My issue is that some of the pdf files I want to import from may or may not have say Sales data Table and if they do it may not have the same table number or be on a the same page as in the other files.
Can one have Power Query search for a table with a particular heading irrespective as to where it is in the pdf and then import it.
In the attached files I have imported the Sales Table from Report1.pdf but in the second query I manually had to determine which table it was on this occurrence of the Report2.pdf. (It may be that next time Report2 may have a new table inserted above the first table in the report and so the table name will change).
Once I get both tables I then want to merge them.
How can I get PQ to find and import the table I want from each file in a dynamic manner?
In the new learning portal use the Search option (top right) and enter my name: Melissa
Look for this course: Applied Problem Solving with Power Query/M
and review this chapter: Convert a PDF to a Tabular Format
I’m confident this will help you work through your scenario.
I cannot see the resource pack on the front screen of the course.

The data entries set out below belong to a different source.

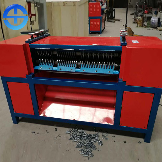 Radiator stripper machine is designed to separate the scrap radiator for recycling copper and aluminum with high efficiency and stable performance. It can strip the radiator whose copper tube center distance is 19mm, 21mm or 25mm. Before processed, the radiators shall be cut with a band saw into pieces of certain width. It can separate one layer or two layers radiators. When radiators are more than two layers, it will be cut into one layer or two layers by band saw machine.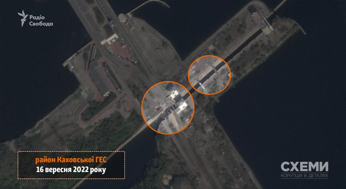 Снимок за 16 сентября также включает две небольшие переправы неподалеку от моста. На спутниковых фото двухнедельной давности они отсутствовали, а значит — оккупанты соорудили их недавно.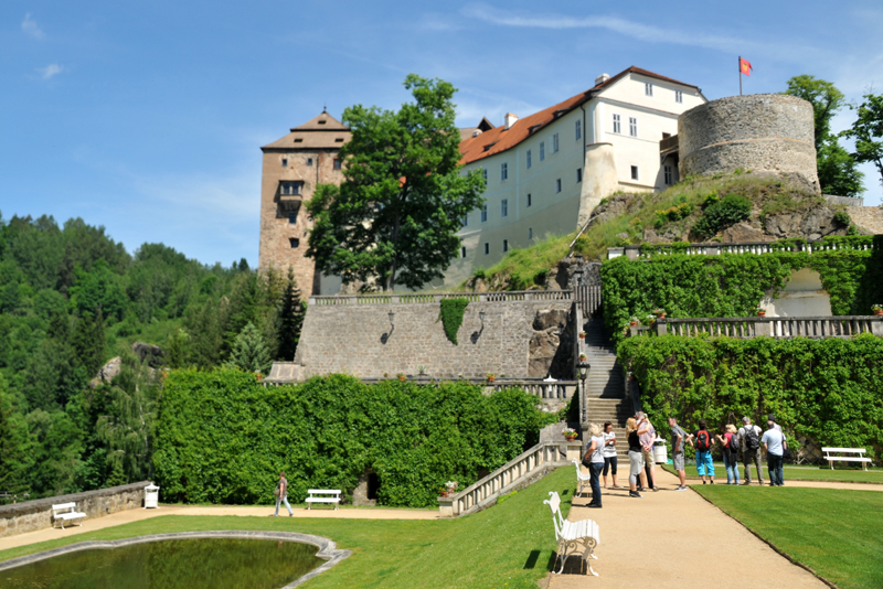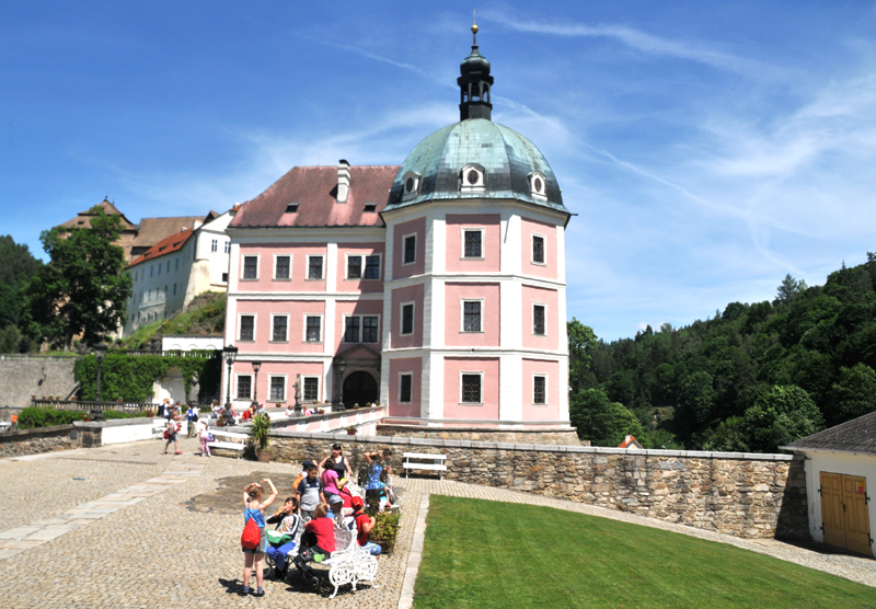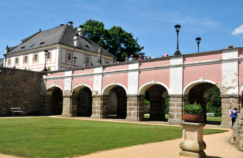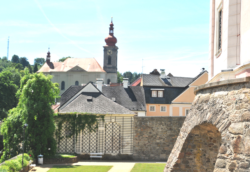 I to już właściwie wszystko. Z dawnego żydowskiego getta, z tradycjami od XIV w. nie zachowało się praktycznie nic. A była to dzielnica przylegająca do rynku, z trzema bramami, z których jedna stanowi obecnie fragment domu nr 19. Była tam oczywiście również synagoga oraz mykwa (rytualna łaźnia). Zaś kirkut (cmentarz), o którym pierwsza pisana wzmianka pochodzi z 1662 roku, położony był na południowy zachód od miasta. Wszystko zniszczyli Niemcy po przyłączeniu miasteczka w 1938 r. do III Rzeszy w ramach tzw. Sudetenlandu ? Kraju Sudeckiego. Ocalał tylko jeden nagrobek barokowy i dwa klasycystyczne, przeniesione na zamek. I prawdę powiedziawszy tylko Bečovski zamek, a zwłaszcza znajdujący się w nim relikwiarz św. Maura (i o relikwiarzu, i o zamku, piszę osobno), jest magnesem przyciągającym tutaj dziesiątki tysięcy turystów. Jest to jeden z większych oraz najlepiej zachowanych czeskich kompleksów zamkowych.

I have been working through the course to solve my initial posting. However, I have a page that has a table that only has one column so I get an error when I run the code that moves Column 2 (which doesn’t exist) to Column 1. I have tried using try to solve this.

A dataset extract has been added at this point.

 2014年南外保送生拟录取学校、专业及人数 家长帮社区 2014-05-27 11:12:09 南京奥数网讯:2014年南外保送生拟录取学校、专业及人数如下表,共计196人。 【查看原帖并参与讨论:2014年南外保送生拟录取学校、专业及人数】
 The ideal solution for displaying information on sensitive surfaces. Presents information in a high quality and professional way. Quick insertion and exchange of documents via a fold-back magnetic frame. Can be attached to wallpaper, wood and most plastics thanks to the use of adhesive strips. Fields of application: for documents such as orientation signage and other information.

How would teh cose iin your example change if one of the tables had only one column and it was in Column 1
Regards
Allister
let
Source = Pdf.Tables(File.Contents(FileLocation), [Implementation="1.3"]),
#"Filtered Rows" = Table.RemoveLastN(Table.SelectRows(Source, each ([Kind] = "Page")), 1 ),
#"Added Custom" = Table.AddColumn(#"Filtered Rows", "ColCount", each Table.ColumnCount([Data])),
#"Added Custom1" = Table.AddColumn(#"Added Custom", "Data2", each let
RenameCols = Table.RenameColumns([Data],{{"Column1", "Temp1"}, {"Column2", "Temp2"}}),
UpdateCol1 = try Table.AddColumn(RenameCols, "Column1", each if [Temp1] = null then [Temp2] else [Temp1]),
UpdateCol2 = Table.AddColumn(UpdateCol1, "Column2", each if [Temp2] = [Column1] then null else [Temp2]),
DelCols = Table.RemoveColumns(UpdateCol2,{"Temp1", "Temp2"})
in
DelCols)
in
#"Added Custom1"
I will inquire with the eDNA team for the course resource pack. Thanks for reporting back
As for tables with 2 and sometimes 1 column, there is a set of table functions in M that allow for a MissingField.Type parameter, select one of those. These are the options:
Name
Value
Description
MissingField.Error
0
Indicates that missing fields should result in an error. (This is the default value.)
MissingField.Ignore
1
Indicates that missing fields should be ignored.
MissingField.UseNull
2
Indicates that missing fields should be included as null values.
.
If that isn’t possible, are you able to generate a list with column names that you should get (at most)?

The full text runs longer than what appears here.